■ Exercise material:
++++++++

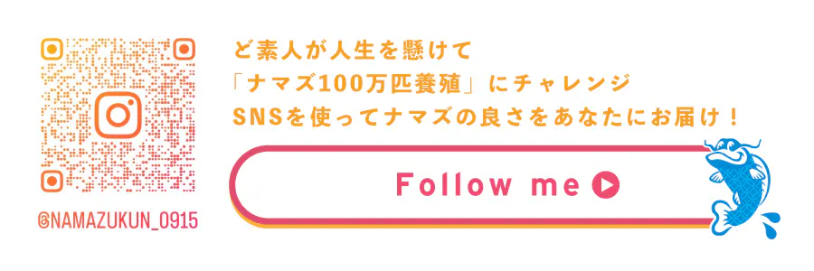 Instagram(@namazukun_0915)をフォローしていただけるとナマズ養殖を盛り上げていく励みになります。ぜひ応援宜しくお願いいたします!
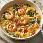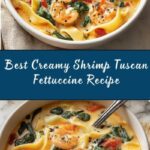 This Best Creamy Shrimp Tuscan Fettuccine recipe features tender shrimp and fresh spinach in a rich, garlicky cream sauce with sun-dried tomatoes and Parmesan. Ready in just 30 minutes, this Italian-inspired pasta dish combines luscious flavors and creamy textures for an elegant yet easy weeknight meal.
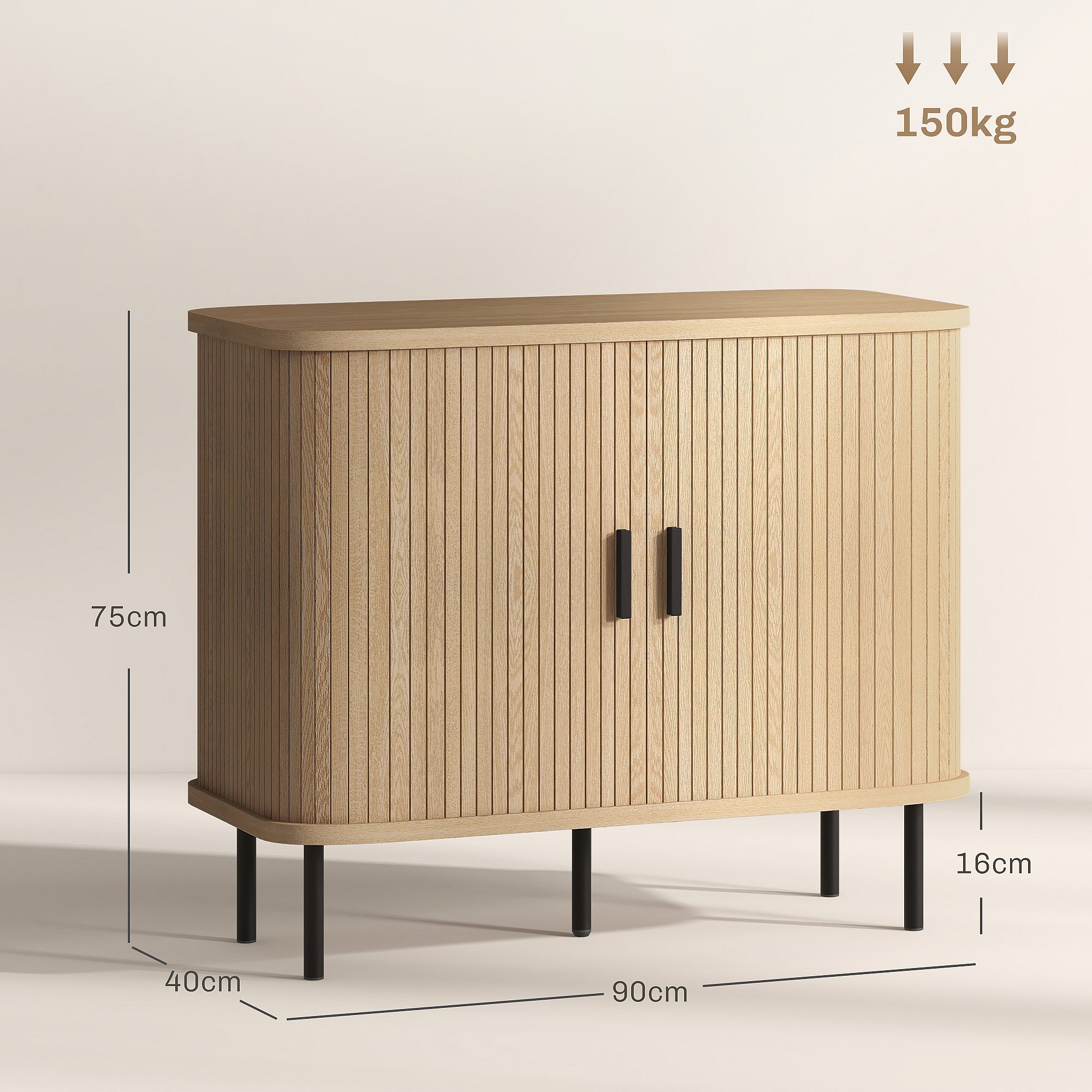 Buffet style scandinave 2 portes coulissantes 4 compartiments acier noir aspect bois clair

++++++++

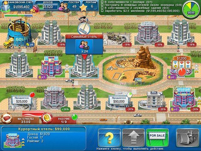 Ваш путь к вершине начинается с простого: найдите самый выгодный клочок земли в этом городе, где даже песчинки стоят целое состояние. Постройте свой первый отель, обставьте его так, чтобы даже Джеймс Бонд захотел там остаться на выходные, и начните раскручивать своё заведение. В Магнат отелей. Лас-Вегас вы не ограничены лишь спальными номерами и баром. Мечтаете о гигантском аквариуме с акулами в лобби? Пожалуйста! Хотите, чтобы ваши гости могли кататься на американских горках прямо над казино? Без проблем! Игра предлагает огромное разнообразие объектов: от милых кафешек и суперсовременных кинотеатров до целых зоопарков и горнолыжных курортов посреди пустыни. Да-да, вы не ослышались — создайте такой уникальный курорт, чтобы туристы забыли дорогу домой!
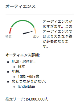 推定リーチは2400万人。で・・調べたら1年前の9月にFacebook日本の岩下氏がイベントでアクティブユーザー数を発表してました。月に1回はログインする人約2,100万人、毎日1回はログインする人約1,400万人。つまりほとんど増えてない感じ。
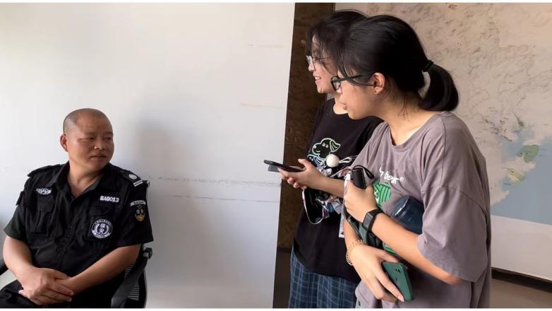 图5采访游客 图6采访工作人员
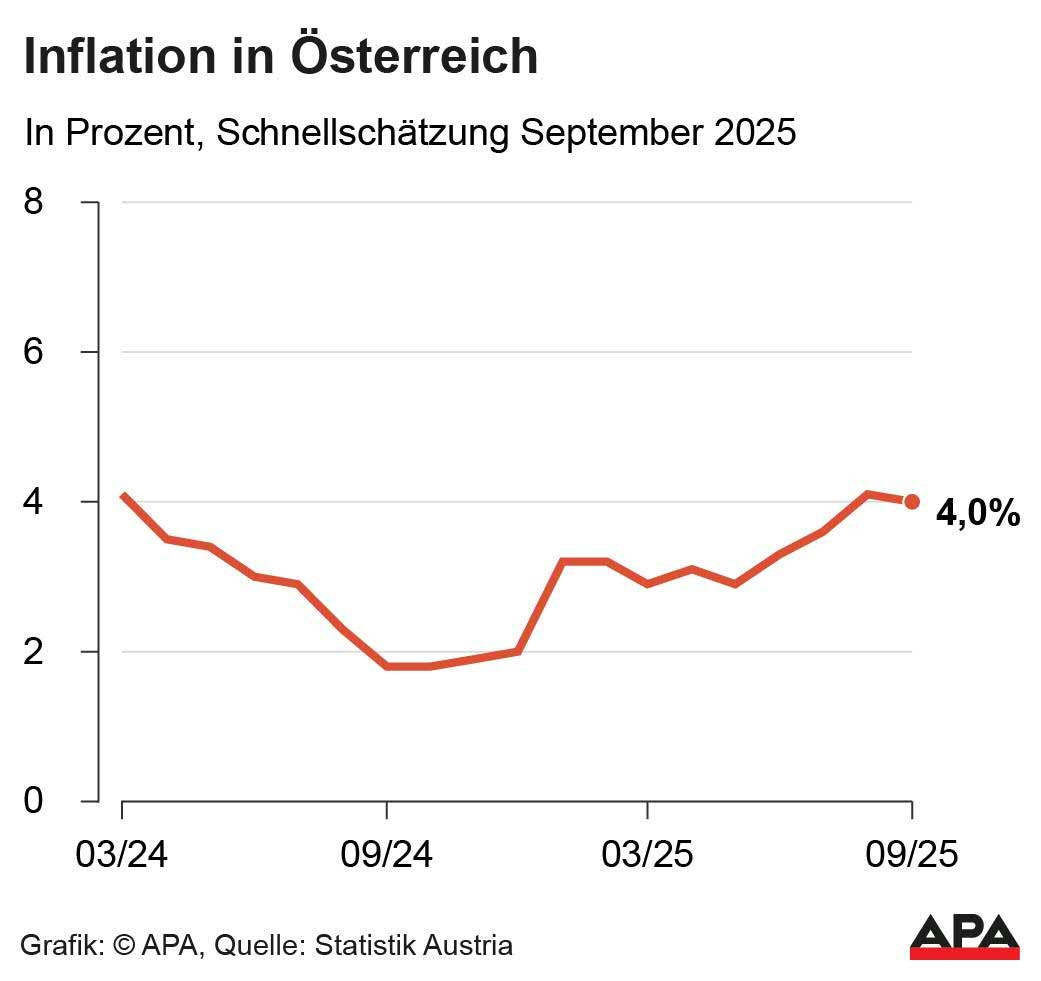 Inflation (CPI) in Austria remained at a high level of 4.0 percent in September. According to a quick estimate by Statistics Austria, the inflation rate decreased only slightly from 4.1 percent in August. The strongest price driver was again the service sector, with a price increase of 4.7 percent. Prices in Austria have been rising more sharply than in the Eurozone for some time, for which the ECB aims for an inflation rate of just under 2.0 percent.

++++++++

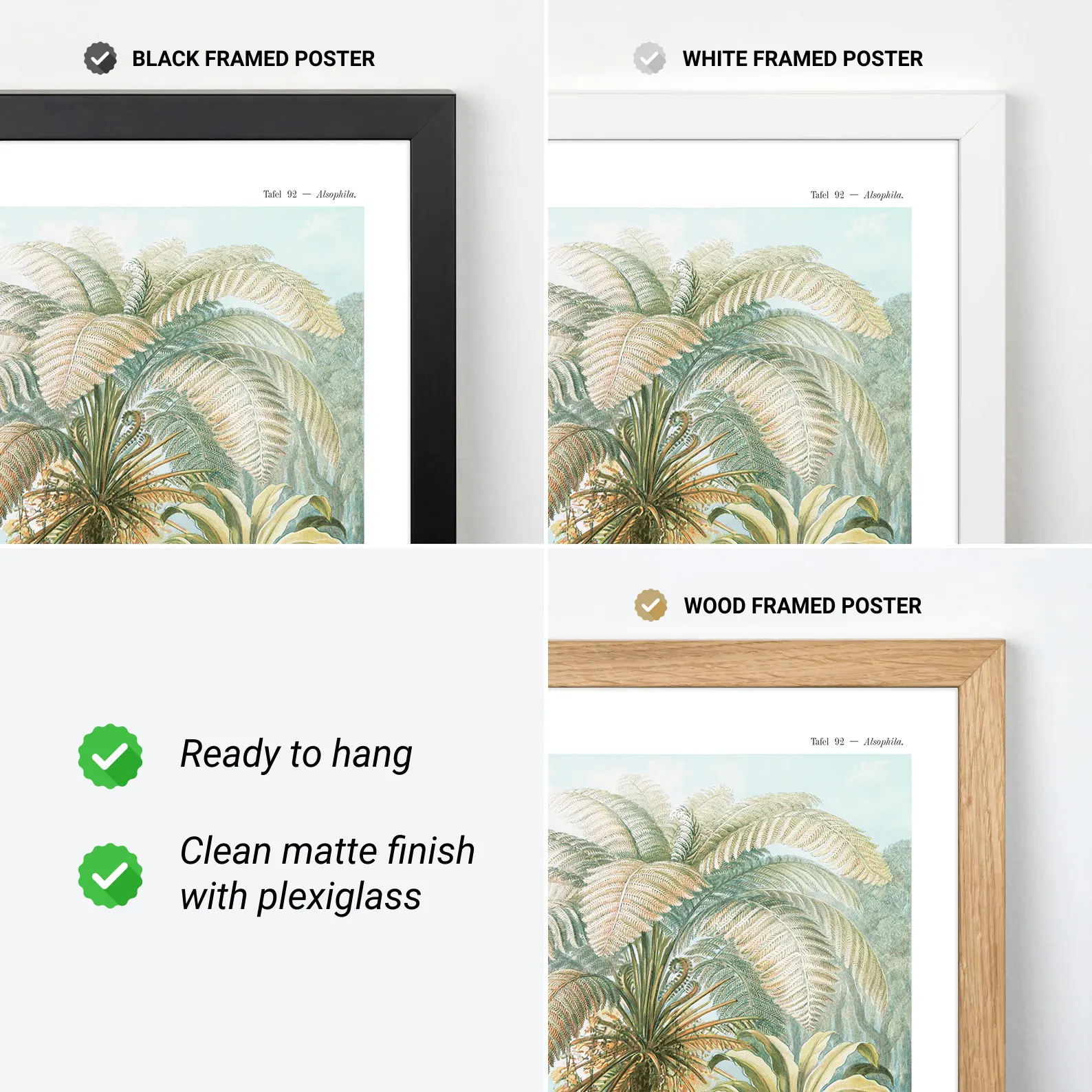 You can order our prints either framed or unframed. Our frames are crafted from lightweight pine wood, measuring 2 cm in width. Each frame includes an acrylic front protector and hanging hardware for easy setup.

++++++++

■ What needs to be done: From the records above, copy only the lines running from the line holding "图5采访游客 图6采访工作人员" through the line holding "Inflation (CPI) in", with no pictures.

■ Solution to the problem:
 图5采访游客 图6采访工作人员
 Inflation (CPI) in Austria remained at a high level of 4.0 percent in September. According to a quick estimate by Statistics Austria, the inflation rate decreased only slightly from 4.1 percent in August. The strongest price driver was again the service sector, with a price increase of 4.7 percent. Prices in Austria have been rising more sharply than in the Eurozone for some time, for which the ECB aims for an inflation rate of just under 2.0 percent.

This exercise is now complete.